→ **YOUR ASSIGNMENT**: Your copy should hold every record verbatim and none of the pictures.
========================================
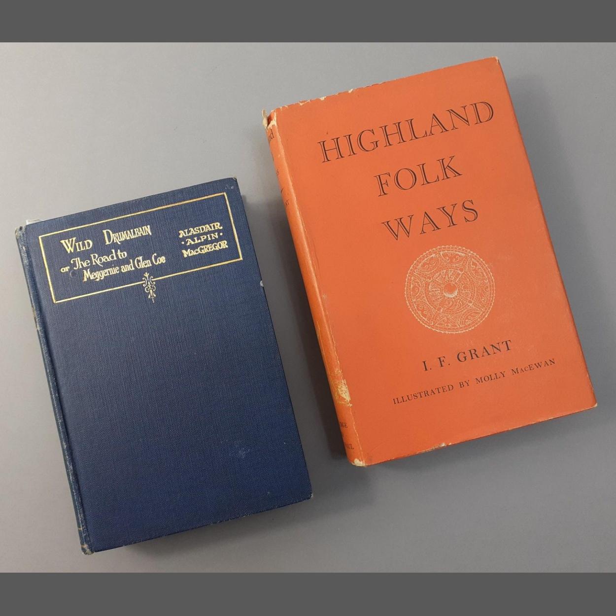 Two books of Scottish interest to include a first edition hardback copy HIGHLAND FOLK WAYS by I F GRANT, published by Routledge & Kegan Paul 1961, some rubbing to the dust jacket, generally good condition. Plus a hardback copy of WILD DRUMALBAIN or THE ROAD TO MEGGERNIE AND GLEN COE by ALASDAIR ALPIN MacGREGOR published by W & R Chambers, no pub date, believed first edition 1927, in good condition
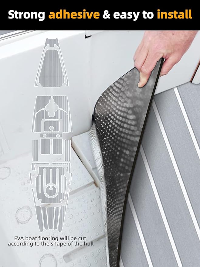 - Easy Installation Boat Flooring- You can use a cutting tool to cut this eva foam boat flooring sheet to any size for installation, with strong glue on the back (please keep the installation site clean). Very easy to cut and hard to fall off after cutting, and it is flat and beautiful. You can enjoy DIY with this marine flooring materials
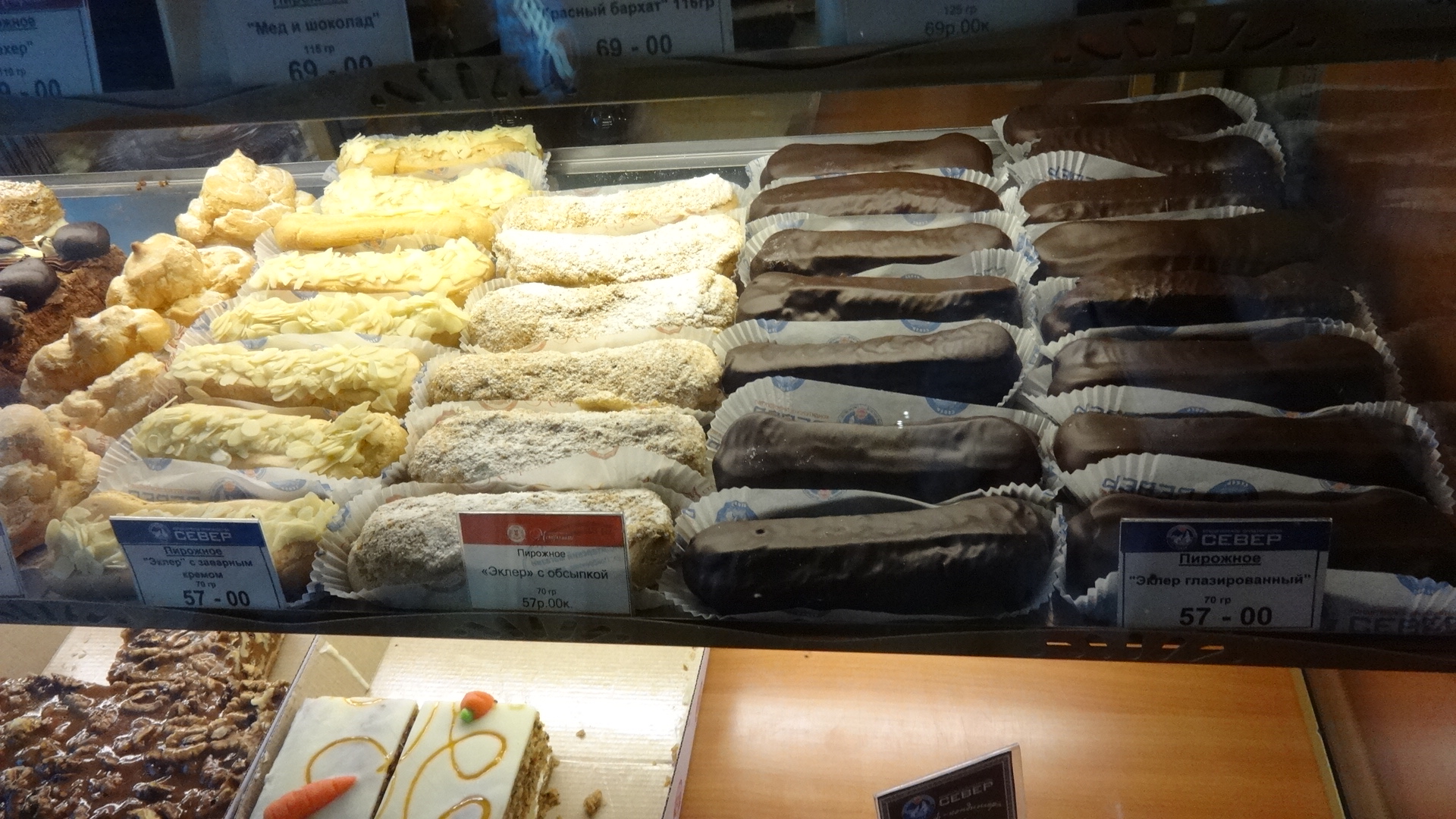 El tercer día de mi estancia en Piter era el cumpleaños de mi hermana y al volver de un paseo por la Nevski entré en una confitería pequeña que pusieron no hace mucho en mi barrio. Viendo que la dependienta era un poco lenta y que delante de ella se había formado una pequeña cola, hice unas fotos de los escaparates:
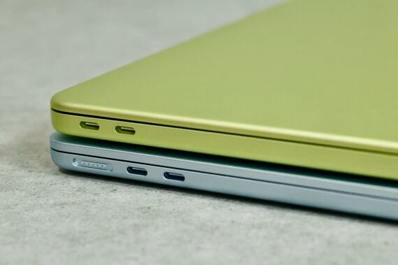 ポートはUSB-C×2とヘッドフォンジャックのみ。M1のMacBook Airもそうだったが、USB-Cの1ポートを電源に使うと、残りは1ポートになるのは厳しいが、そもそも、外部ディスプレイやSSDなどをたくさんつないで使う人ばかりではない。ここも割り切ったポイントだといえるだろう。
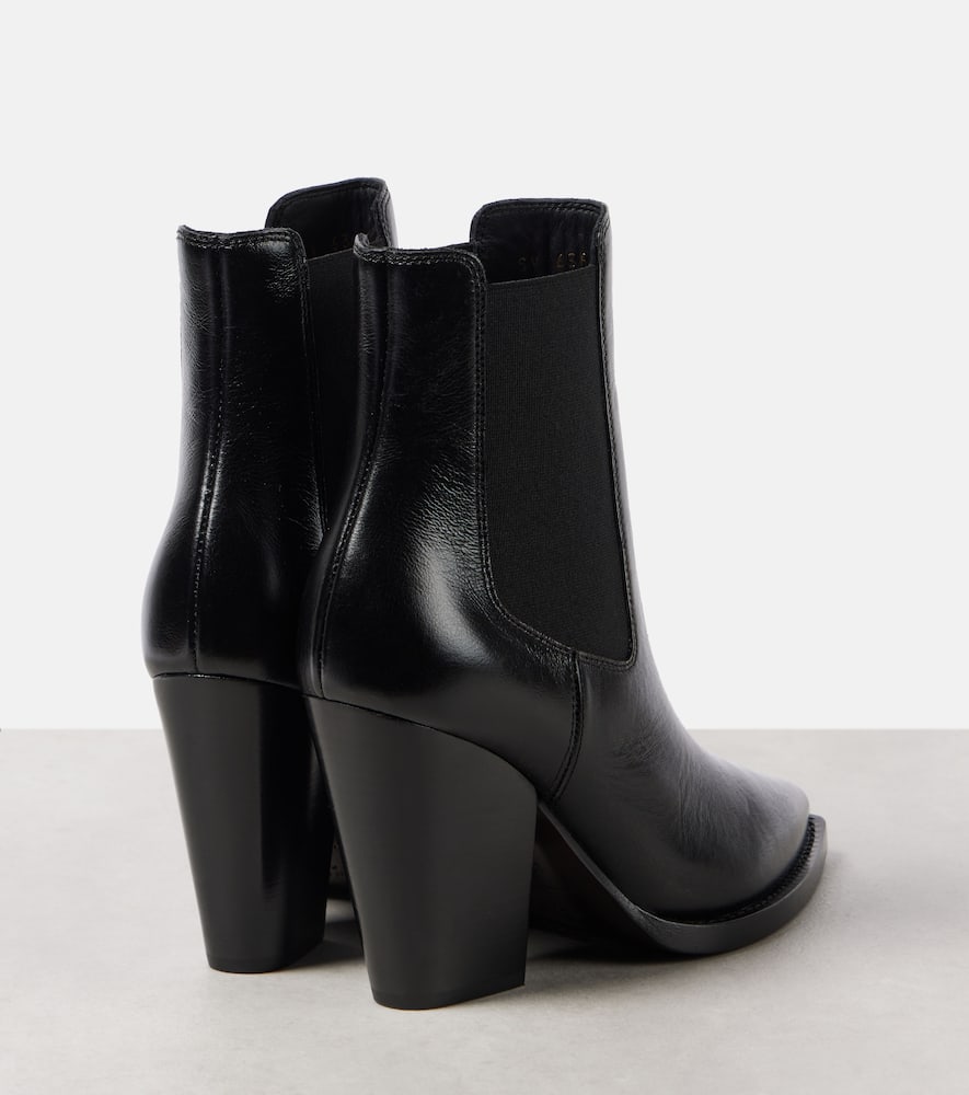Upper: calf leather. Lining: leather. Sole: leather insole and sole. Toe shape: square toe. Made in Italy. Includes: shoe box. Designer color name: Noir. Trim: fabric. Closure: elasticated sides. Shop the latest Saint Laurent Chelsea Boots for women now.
========================================
→ **EXERCISE RESULT**:
 Two books of Scottish interest to include a first edition hardback copy HIGHLAND FOLK WAYS by I F GRANT, published by Routledge & Kegan Paul 1961, some rubbing to the dust jacket, generally good condition. Plus a hardback copy of WILD DRUMALBAIN or THE ROAD TO MEGGERNIE AND GLEN COE by ALASDAIR ALPIN MacGREGOR published by W & R Chambers, no pub date, believed first edition 1927, in good condition
 - Easy Installation Boat Flooring- You can use a cutting tool to cut this eva foam boat flooring sheet to any size for installation, with strong glue on the back (please keep the installation site clean). Very easy to cut and hard to fall off after cutting, and it is flat and beautiful. You can enjoy DIY with this marine flooring materials
 El tercer día de mi estancia en Piter era el cumpleaños de mi hermana y al volver de un paseo por la Nevski entré en una confitería pequeña que pusieron no hace mucho en mi barrio. Viendo que la dependienta era un poco lenta y que delante de ella se había formado una pequeña cola, hice unas fotos de los escaparates:
 ポートはUSB-C×2とヘッドフォンジャックのみ。M1のMacBook Airもそうだったが、USB-Cの1ポートを電源に使うと、残りは1ポートになるのは厳しいが、そもそも、外部ディスプレイやSSDなどをたくさんつないで使う人ばかりではない。ここも割り切ったポイントだといえるだろう。
Upper: calf leather. Lining: leather. Sole: leather insole and sole. Toe shape: square toe. Made in Italy. Includes: shoe box. Designer color name: Noir. Trim: fabric. Closure: elasticated sides. Shop the latest Saint Laurent Chelsea Boots for women now.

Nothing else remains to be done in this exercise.